Output the data below only from the line containing "du Conseil supérieur." up to and including the line containing "數(shù)據(jù)顯示,目前洗衣液逐", exact and with the pictures left out.

Information provided:
[Start of section]

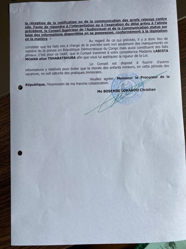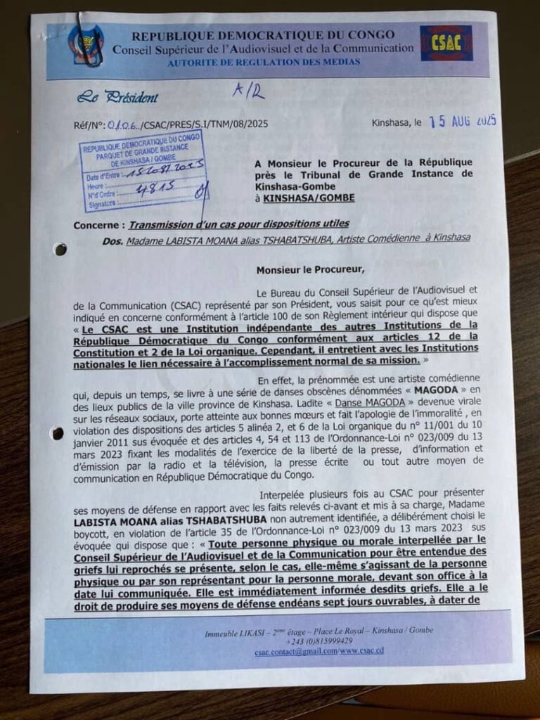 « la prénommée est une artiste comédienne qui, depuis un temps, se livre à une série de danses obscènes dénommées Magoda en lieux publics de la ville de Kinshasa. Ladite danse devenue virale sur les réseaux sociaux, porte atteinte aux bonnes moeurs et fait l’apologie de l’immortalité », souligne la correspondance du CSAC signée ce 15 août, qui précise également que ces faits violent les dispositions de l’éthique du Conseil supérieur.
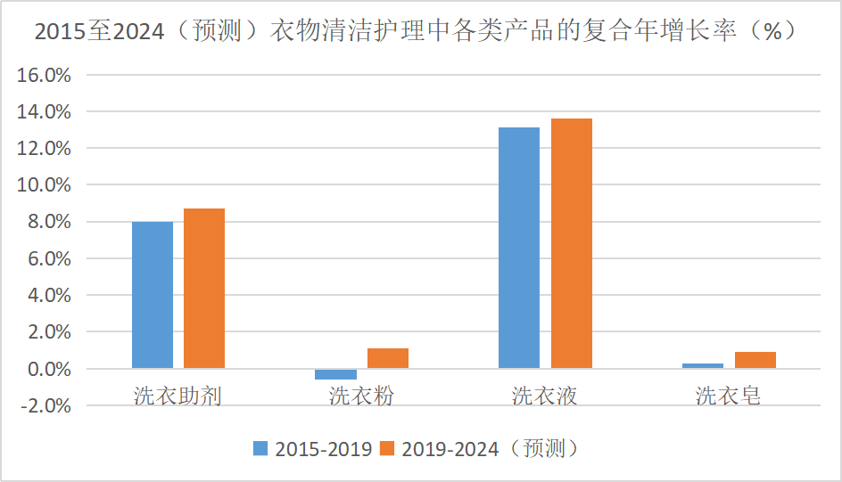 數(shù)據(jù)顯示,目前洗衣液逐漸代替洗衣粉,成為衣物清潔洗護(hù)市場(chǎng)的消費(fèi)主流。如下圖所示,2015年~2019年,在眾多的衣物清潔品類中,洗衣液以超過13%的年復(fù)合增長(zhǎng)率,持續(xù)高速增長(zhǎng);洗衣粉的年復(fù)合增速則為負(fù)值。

[End of section]
[Start of section]

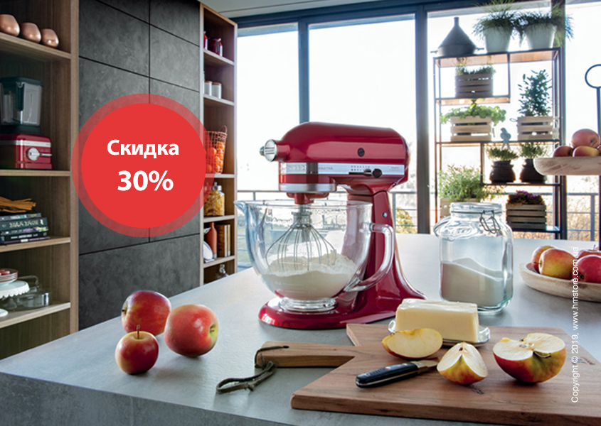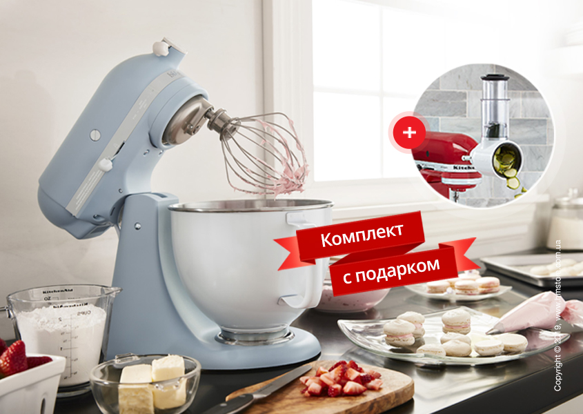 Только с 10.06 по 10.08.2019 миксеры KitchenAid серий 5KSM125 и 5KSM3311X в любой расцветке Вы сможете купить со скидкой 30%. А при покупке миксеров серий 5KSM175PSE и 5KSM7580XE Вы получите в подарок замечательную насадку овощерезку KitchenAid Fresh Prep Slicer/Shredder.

[End of section]

Response to this exercise:
 « la prénommée est une artiste comédienne qui, depuis un temps, se livre à une série de danses obscènes dénommées Magoda en lieux publics de la ville de Kinshasa. Ladite danse devenue virale sur les réseaux sociaux, porte atteinte aux bonnes moeurs et fait l’apologie de l’immortalité », souligne la correspondance du CSAC signée ce 15 août, qui précise également que ces faits violent les dispositions de l’éthique du Conseil supérieur.
 數(shù)據(jù)顯示,目前洗衣液逐漸代替洗衣粉,成為衣物清潔洗護(hù)市場(chǎng)的消費(fèi)主流。如下圖所示,2015年~2019年,在眾多的衣物清潔品類中,洗衣液以超過13%的年復(fù)合增長(zhǎng)率,持續(xù)高速增長(zhǎng);洗衣粉的年復(fù)合增速則為負(fù)值。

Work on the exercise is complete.